Here's a relevant bit from the article:
> More generally, we acknowledge that positions on ethics vary widely and our intention here is not to argue that computational theorists who accept these implications have an irreconcilable ethical dilemma; rather we suggest they have a philosophical duty to respond to it. They may do so in a range of ways, whether accepting the ethical implications directly or adopting/modifying ethical theories which do not give rise to the issue (e.g., by not relating ethics to the experiences of discrete conscious entities or by specifying unitary consciousness as necessary but not sufficient for moral value).
When you take large language models, their inner states at each step move from one emotional state to the next. This sequence of states could even be called "thoughts", and we even leverage it with "chain of thought" training/prompting where we explicitly encourage them, to not jump directly to the result but rather "think" about it a little more.
In fact one can even argue that neural network experience a purer form of feelings. They only care about predicting the next word/note, they weight-in their various sensations and memories they recall from similar context and generate the next note. But to generate the next note they have to internalize the state of mind where this note is likely. So when you ask them to generate sad music, their inner state can be mapped to a "sad" emotional state.
Current way of training large language models, don't let them enough freedom to experience anything other than the present.
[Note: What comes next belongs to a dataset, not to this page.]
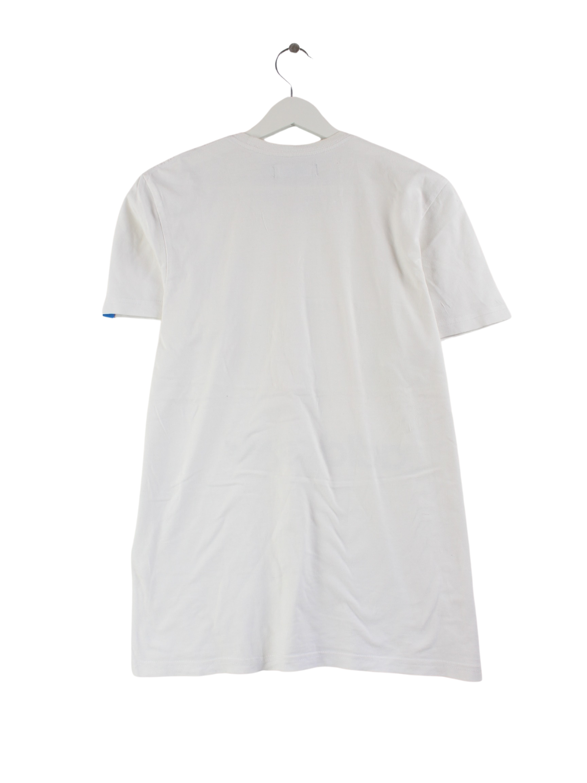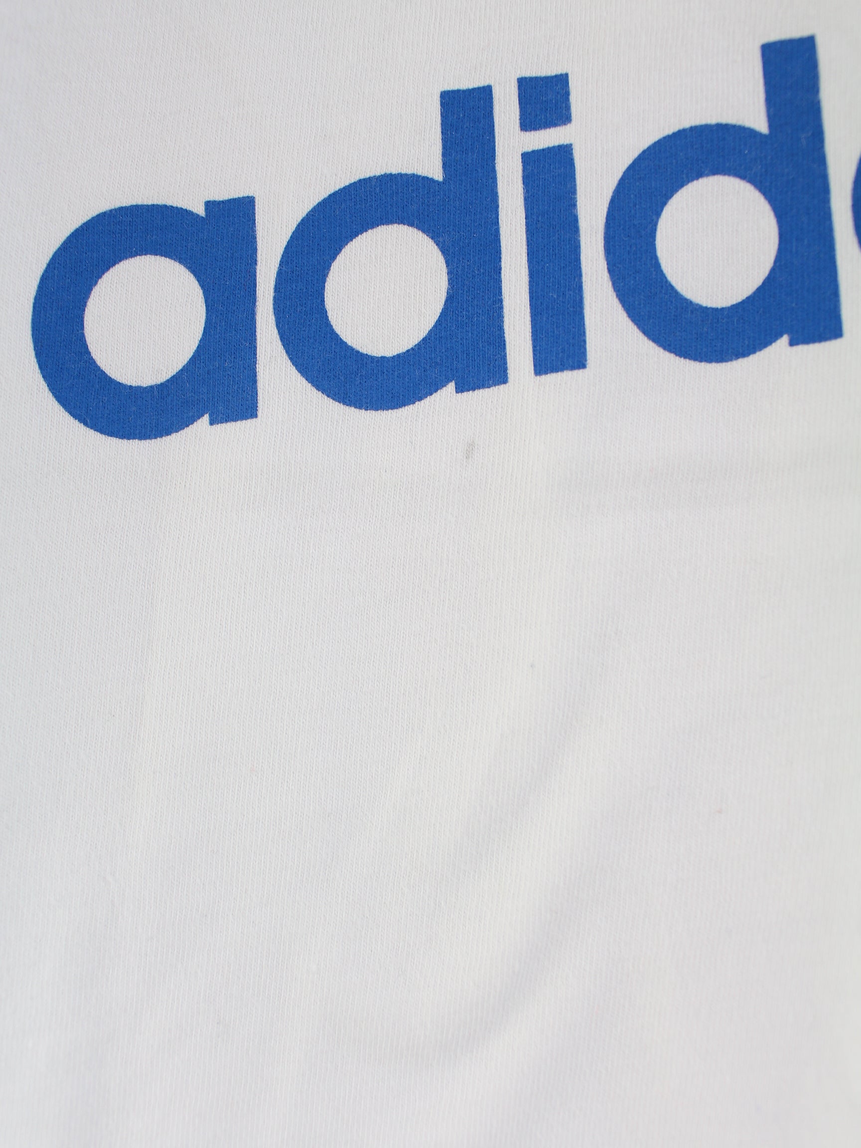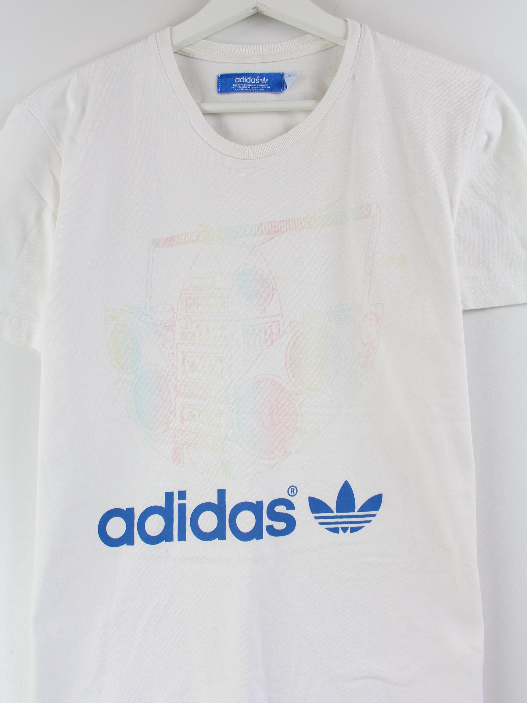 Weißes T-Shirt der Marke Adidas in Größe M. Es ist aus Baumwolle hergestellt und in gutem Zustand im Angebot. Mit chiquem Trefoil Print.

Emotionally is probably similar to something like a dog, or a baby that can go from sad to happy to sad in an instant.
This sequence of thought process is currently limited by a constant named the (time-)horizon which can be set to a higher value, or even be infinite like in recursive neural networks. And with higher horizon, they can exhibit some higher thought process like correcting themselves when they make a mistake.
One can also argue that this sequence of thoughts are just some simulated sequence of numbers but it's probably a Turing-complete process that can't be shortcut-ted, so how is it different from the real thing.
You just have to look at it in the plane where it exists to acknowledge its existence.